At the end of 1996 he had a liver transplant. Two years later, Starr chased him again, and Tucker pleaded guilty to tax fraud “to avoid going to prison.”
“The Department of Justice and the IRS ultimately admitted Starr accused him of violating Tucker in a section of federal bankruptcy law that didn't exist even at the time of cable television trading in the 1980s,” Dumas said. I added. “The government ultimately concluded that it might be owing Tucker's money, but how unidentified it was. It sent him and his wife a check of $1.44.

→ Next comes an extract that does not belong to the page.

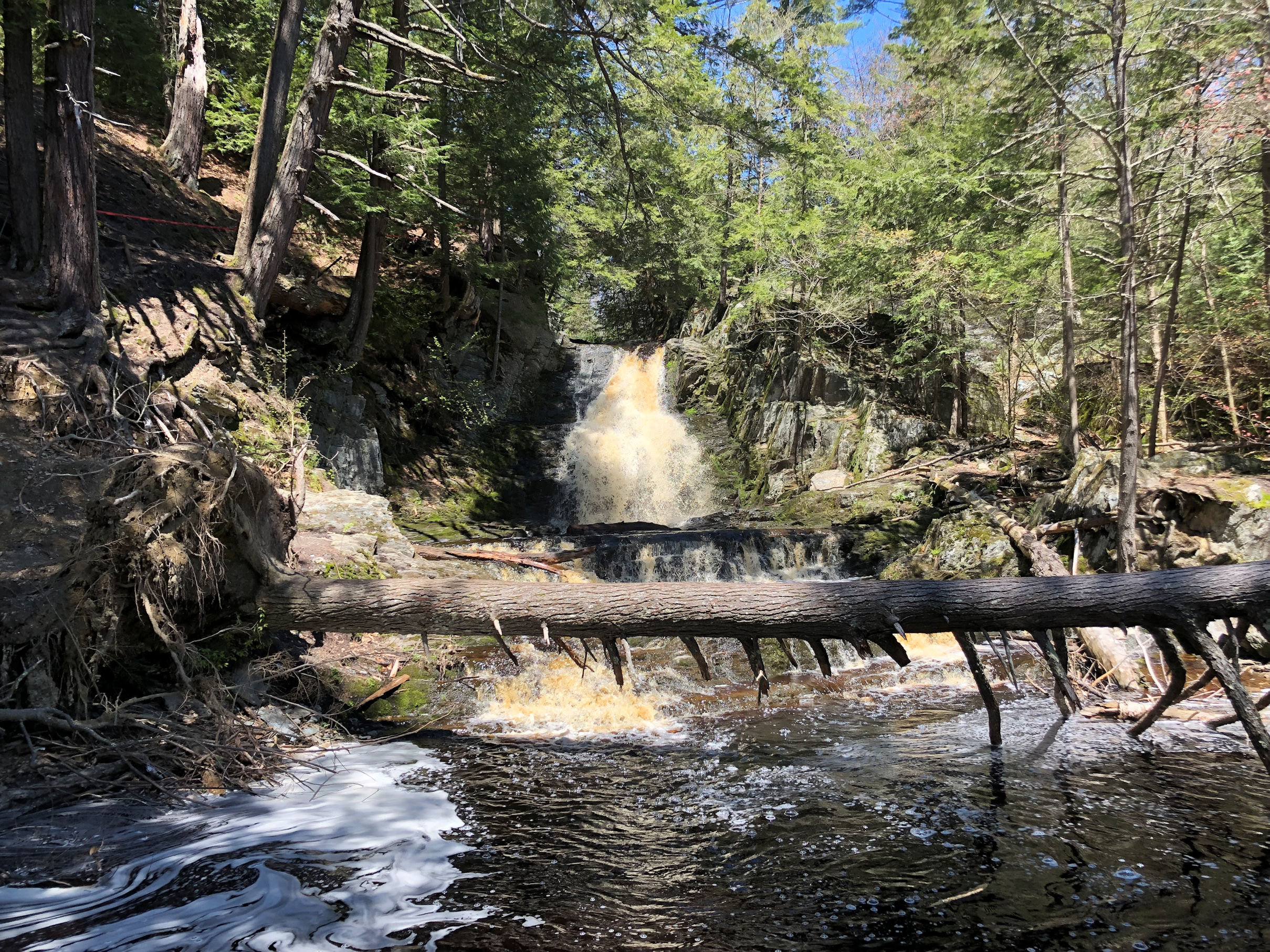 It looked like winter storms had brought some trees down recently, and the view of the falls was somewhat blocked, but it was still pretty. There was a dark copper colour to the water, and we talked a little about what might cause it. I recall streams and lakes this colour when I lived in Vermont and Massachusetts, so it must be something about the soil in New England that causes it.

In addition to his daughter Anna, Mr. Tucker was survived by his wife Betty Allen (Alworth) Tucker. another daughter, Sarah Allen Tucker; son-in-law, Lance Alworth Jr.; stepdaughter, Kelly Driscoll; sister, Carol Tucker Foreman; Nine grandchildren. and one great grandson.
Tucker once recalled in an interview that Starr's prosecutors put him in order to reach Clinton.
“What they wanted me to do was to remember the conversation I had between Bill Clinton and David Hale. It wasn't like that. But they got Bill Clinton. I was trying to ensure that it could be done. That was the purpose of those prosecutions and I was of no use to them.
Steve Burns contributed a report from Little Rock.